New adjunct specialty facilities in India's leading health institutions are advancing precision medicine in the country through AI.
The Apollo Cancer Centre (ACC) in Bengaluru has recently opened what could be the country's first Precision Oncology Centre powered by AI. It offers comprehensive, specialised care that is tailored to each individual.
The centre features AI automation to identify eligible patients for targeted therapy and immunotherapy, as well as to alert care teams of patient deterioration. It also deploys conversational AI to educate patients and their families on diagnosis, treatment, and connections to support groups. Additionally, it utilises AI to monitor adherence to standard care; enable patient management based on genomic, clinical, and pathological data; and offer recommendations for diagnostic tests and enrolment to value-based care and other patient benefit programmes.

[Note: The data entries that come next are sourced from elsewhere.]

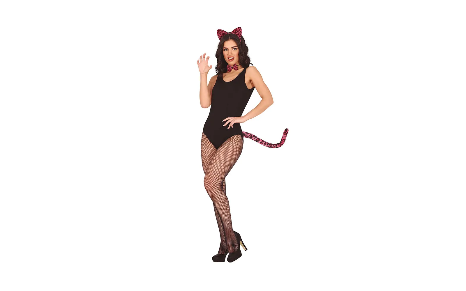 Leopard Carnival headband, pink color + butterfly + tail. Transform into a wild cat with this playful set! It includes a headband with leopard patterned ears, a matching bow for around the neck, and a long tail. The perfect addition to a cat costume for carnivals, themed parties, or stage performances. The set is intended for adults and is sure to attract attention!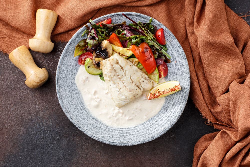 Каспийский судак, микс из овощей запеченных, микс салата, фирменный соус мореброд.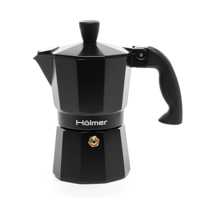 Сучасна гейзерна кавоварка Hölmer зроблена з високоякісного алюмінію, має чорний колір та зручну бакелітову ручку, яка не нагрівається. Кавоварка складається з двох ємностей, розділених спеціальним фільтром.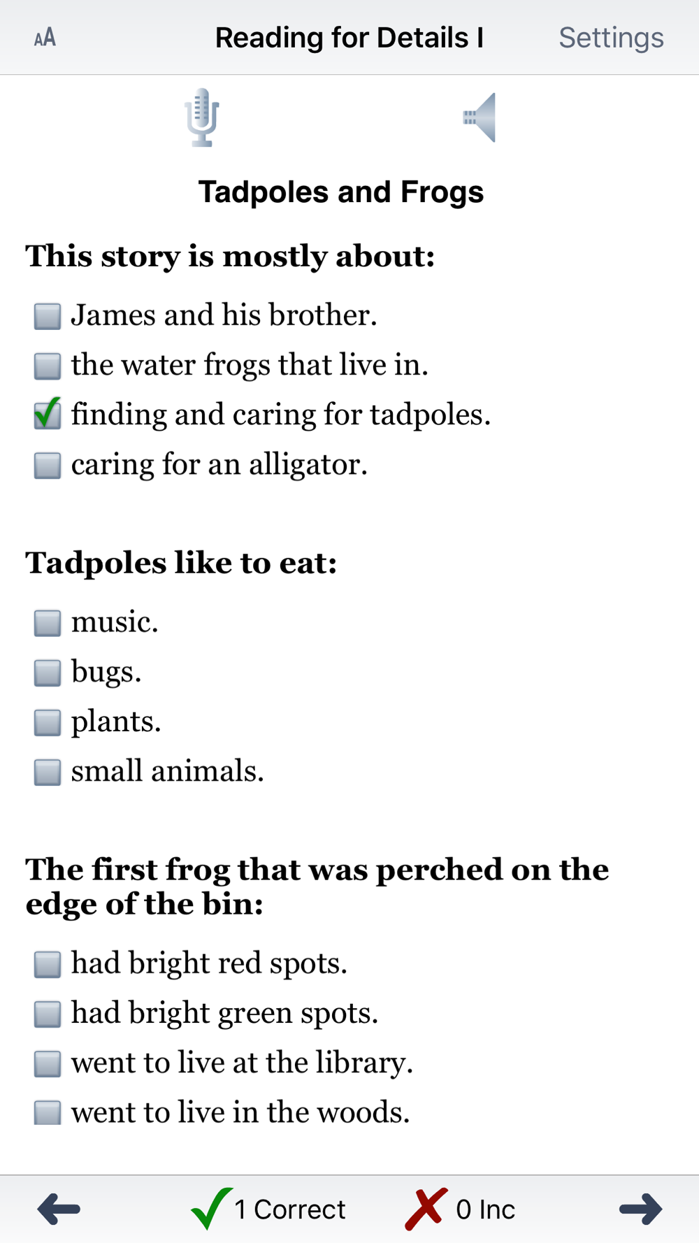 The Reading for Details series of apps were designed for individuals who need extra practice with reading comprehension. Their focus is on learning how to recall specific details of the stories. They are also appropriate for children and adults with traumatic brain injuries or stroke. Ideally, the student will work with a parent, teacher, or therapist while using the app. The mentor can guide the student’s reading strategies while using the app as a source of stories and questions.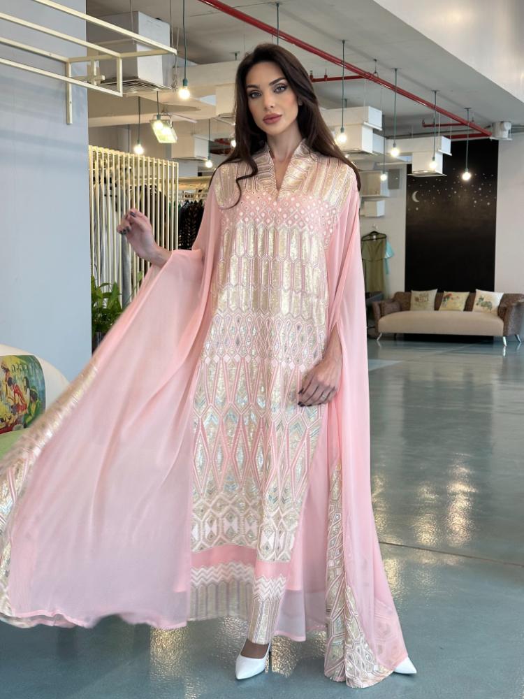 Modern Jalabya, cotton material w/ Moroccan embroidery

ACC touts that the use of AI, along with harnessing volumes of health data, is the "future of oncology." With AI, it can ensure accurate diagnosis, real-time insights, cancer risk assessment, treatment protocol and continuum of care.
Leveraging its expertise in AI, the Indian Institute of Science (IISc), meanwhile, recently launched a collaborative laboratory for AI in Precision Medicine with Siemens Healthineers, a known brand in medical imaging. The lab will develop open-source AI-based tools to automatically segment pathological findings in brain scans. Soon to be integrated into regular clinical workflows, these tools are intended to assist in accurately diagnosing neurological diseases and analysing their clinical impact at a population level.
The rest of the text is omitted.